Give all of the data below again exactly, and drop the images.

**Data excerpt**
[Start of Attachment]

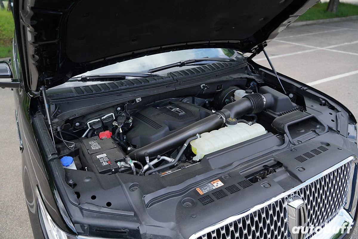 네비게이터의 파워트레인은 6기통 3.5리터 가솔린 트윈 터보엔진과 10단 자동변속기가 조합을 이룬다. 경쟁사의 풀사이즈 SUV에 적용되는 자연흡기 엔진에 비해 배기량은 낮지만, 과급기를 장착해 최고출력 457마력, 최대토크 71kgfm의 강력한 출력을 발휘한다. 덕분에 2.8톤의 거대한 덩치를 이끄는데 충분하고, 오히려 가속력은 충분히 차고 넘쳤다. 특히 6기통 엔진임에도 불구하고 엔진음과 배기음이 8기통 자연흡기 엔진에 견줄 수 있을 만큼 만족스러웠던 것이 기억에 남는다.
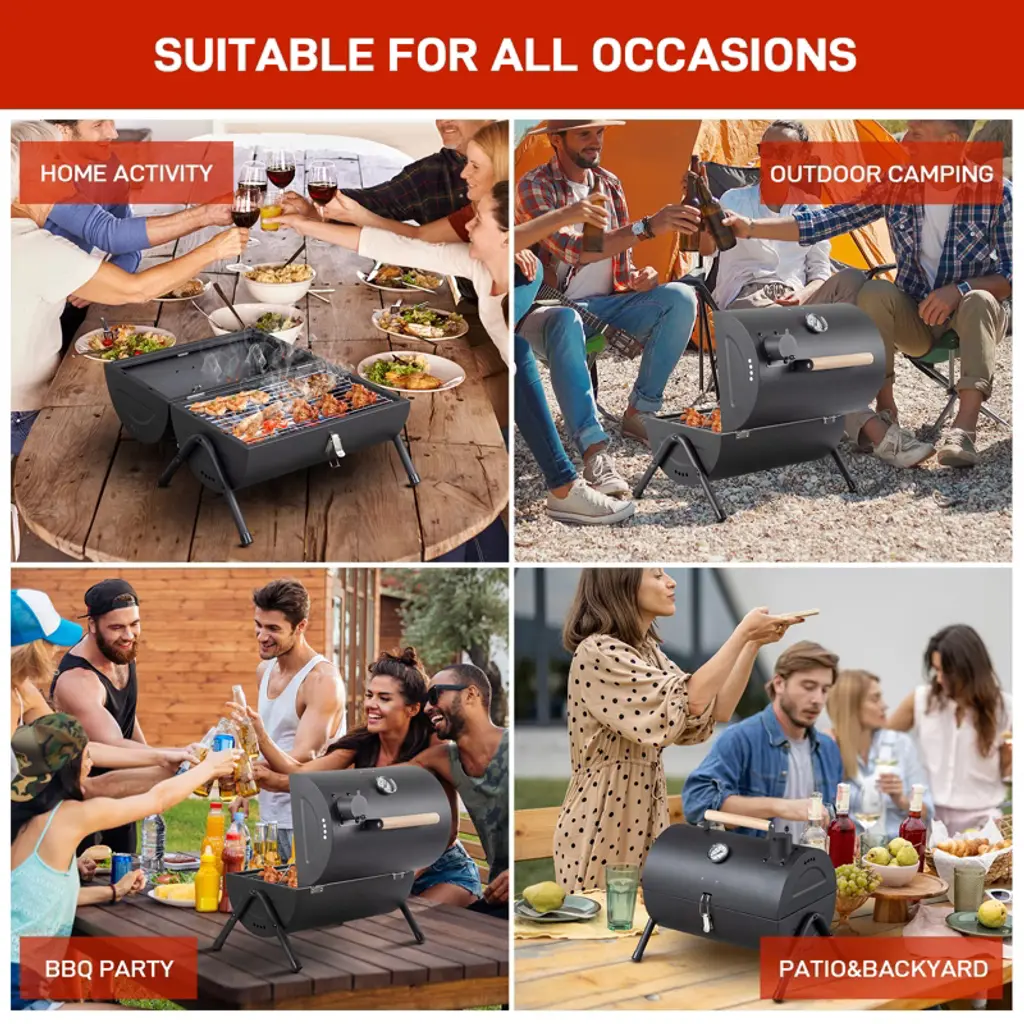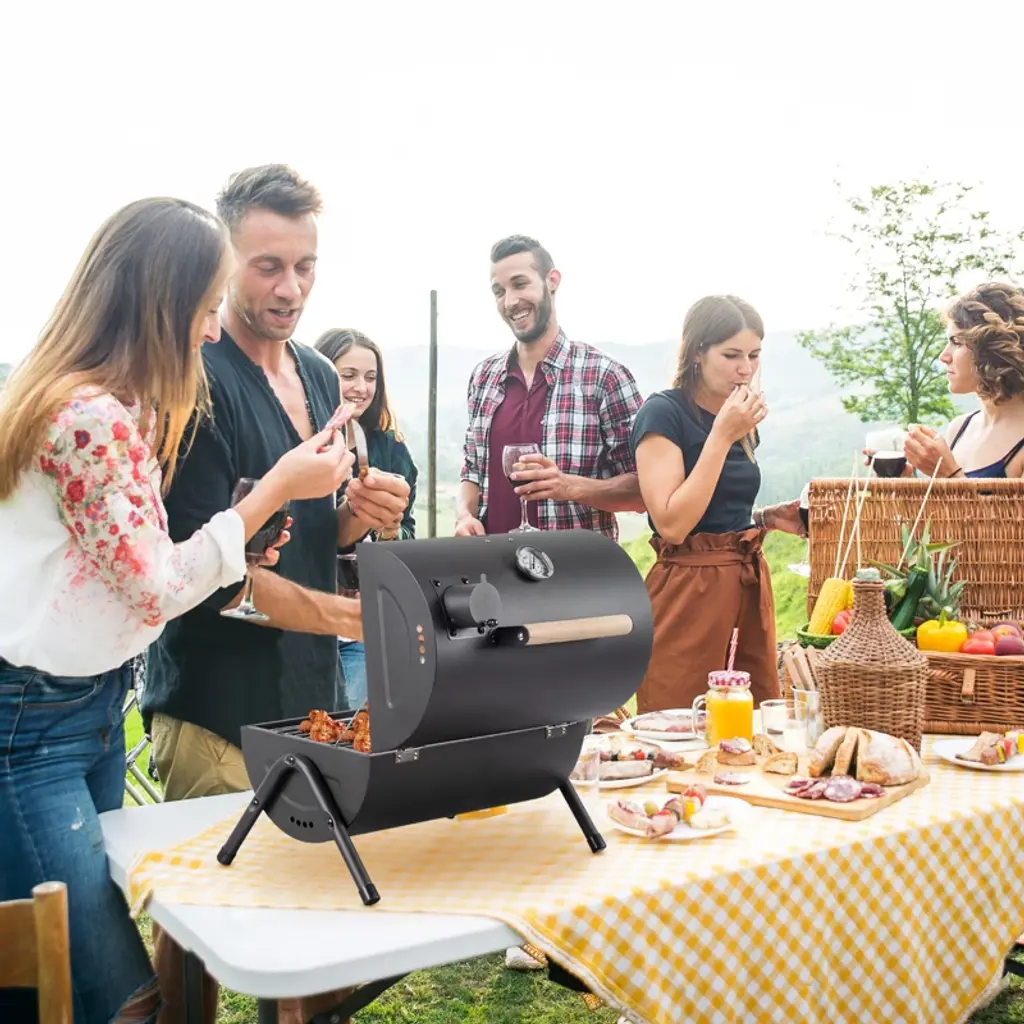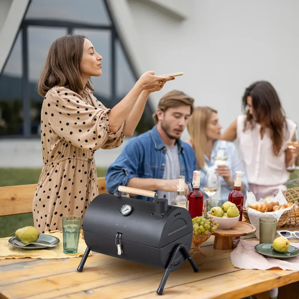Experience the joy of grilling anywhere you go with our Portable Charcoal Grill, the perfect companion for outdoor adventures and intimate backyard gatherings. This compact and durable grill is designed with convenience in mind, featuring a wooden handle for easy transport, a secure lid lock for on-the-go, and a built-in thermometer for precise cooking. Whether it's for a picnic, camp-out, or a cozy cookout in your own backyard, this grill's portability and performance make it an essential tool for any BBQ enthusiast.
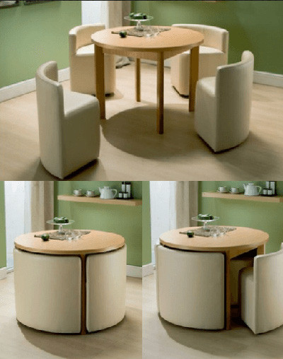 Khi không sử dụng, bộ bàn ghế có thể xếp gọn thành một khối chỉ tốn khoảng 1 m2 thay vì vài m2 như khi có khách.

[End of Attachment]

**Solution for this exercise**
 네비게이터의 파워트레인은 6기통 3.5리터 가솔린 트윈 터보엔진과 10단 자동변속기가 조합을 이룬다. 경쟁사의 풀사이즈 SUV에 적용되는 자연흡기 엔진에 비해 배기량은 낮지만, 과급기를 장착해 최고출력 457마력, 최대토크 71kgfm의 강력한 출력을 발휘한다. 덕분에 2.8톤의 거대한 덩치를 이끄는데 충분하고, 오히려 가속력은 충분히 차고 넘쳤다. 특히 6기통 엔진임에도 불구하고 엔진음과 배기음이 8기통 자연흡기 엔진에 견줄 수 있을 만큼 만족스러웠던 것이 기억에 남는다.
Experience the joy of grilling anywhere you go with our Portable Charcoal Grill, the perfect companion for outdoor adventures and intimate backyard gatherings. This compact and durable grill is designed with convenience in mind, featuring a wooden handle for easy transport, a secure lid lock for on-the-go, and a built-in thermometer for precise cooking. Whether it's for a picnic, camp-out, or a cozy cookout in your own backyard, this grill's portability and performance make it an essential tool for any BBQ enthusiast.
 Khi không sử dụng, bộ bàn ghế có thể xếp gọn thành một khối chỉ tốn khoảng 1 m2 thay vì vài m2 như khi có khách.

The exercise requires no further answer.